Classifier is another key issue in tumor recognition. Traditional classification algorithms include Fisher linear discriminator, Naive bayes (NB) [22], K-nearest neighbor (KNN) [23], DT [24], support vector machine (SVM) [18], and artificial neural network (ANN) [25]. There are dominant expressions in parametric models (e.g., Fisher linear discriminator) based on induction inference. The first goal for parametric models is to obtain general rules through training-sample learning, after which these rules are utilized to judge the testing sample. However, this is not the case for nonparametric models (e.g., SVM) based on transduction inference, which predict special testing samples through observation of special training samples, but classifiers needed for training. Training is the major reason for model over-fitting [3]. Therefore, it is important to determine whether it is feasible to develop a direct classifier based on transduction interference that has no demand for training.

In recent years, several methods have been developed to perform both feature-selection and classification for the analysis of microarray data as follows: prediction analysis for microarrays (PAM), based on nearest shrunken centroids [26]; top scoring pair (TSP), based entirely on relative gene expression values [27]; refined TSP algorithms, such as k disjoint Top Scoring Pairs (k-TSP) for binary classification and the HC-TSP, HC-k-TSP for multiclass classification [28]; an extended version of TSP, the top-scoring triplet (TST) [29]; an extended version of TST, top-scoring “N” (TSN) [30]. A remarkable advantage of the TSP family is that they can effectively control experimental system deviations, such as background differences and batch effects between samples. However, TSP, k-TSP, TST, and TSN are only suitable for binary data, and the HC-TSP/HC-TSP calculation process for conversion from multiclass to binary classification is tedious. The gene score Δij [27] cannot reflect size differences among samples, and k-TSPs may introduce redundancy and undiscriminating voting weights.

Chi-square-statistic-based top scoring genes (TSG) [31], an improved version of TSP family we proposed before, introduces Chi-square value as the score for each marker set so that the sample size information is fully utilized.
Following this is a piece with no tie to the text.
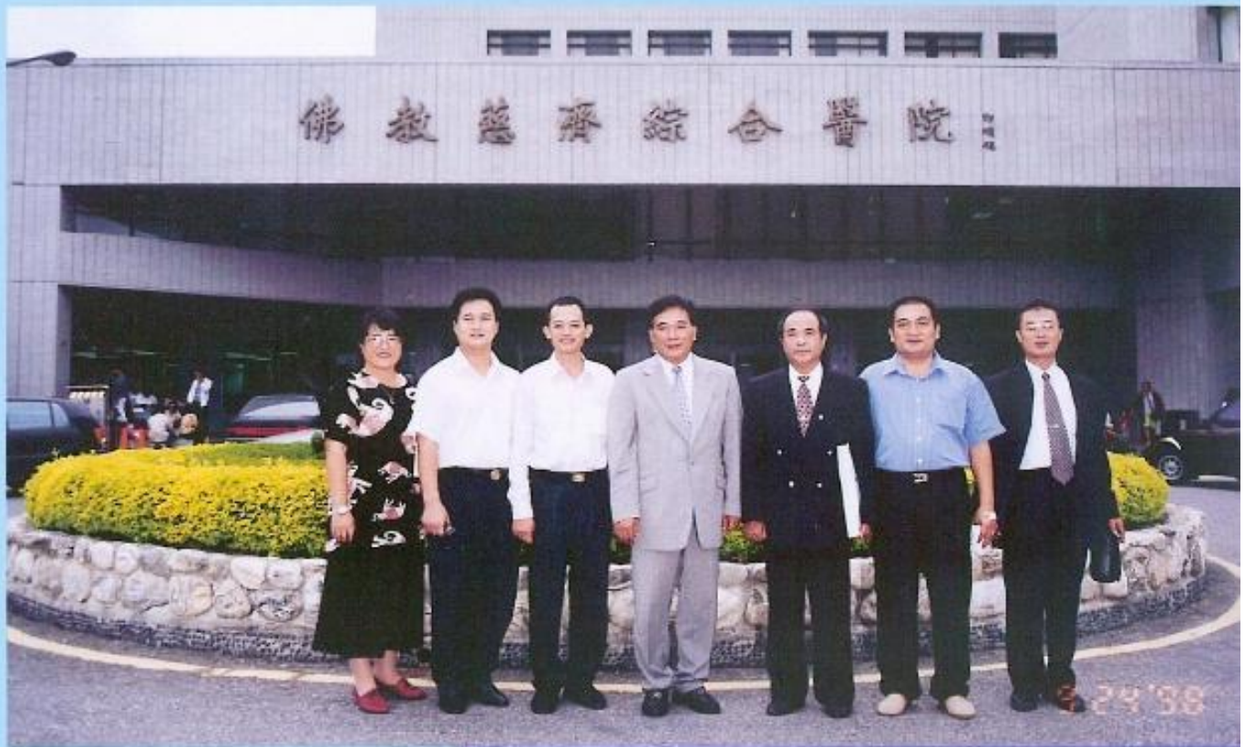
▲ 本會許議長及議員訪問慈濟醫院

TSG proposes a new gene selection method based on joint effects of multiple genes, and the informative genes number is allowed both even and odd. Moreover, TSG gives a new classification method with no demand for training, and it is in a simple unified form for both binary and multiclass cases. In TSG paper, we did not name the classification method alone. Here we called it the chi-square test-based direct classifier (χ2-DC). To predict the class information for each sample in the test data,  χ2-DC use the selected marker set and calculate the scores of this sample belonging to each class. The predicted class is set to be the one that has the largest score. Although TSG has many merits, it also has the following disadvantages: (i) for k ≥ 3, in order to find the top scoring k genes (TSk), all the combined scores between TSk-1 and each of remaining gene need to be calculated. It needs a large amount of calculation; (ii) if there are multiple TSks with identical maximum Chi-square value, TSG should further calculate the LOOCV accuracy of these TSks using the training data and record those TSks that yield the highest LOOCV accuracy. If there is still more than one TSk, the computational complexity will be much higher to find TSk+1; (iii) in TSG, an upper bound B should be set and find TSB. However, the number of information genes is often less than B. The termination condition of feature selection is not objective enough.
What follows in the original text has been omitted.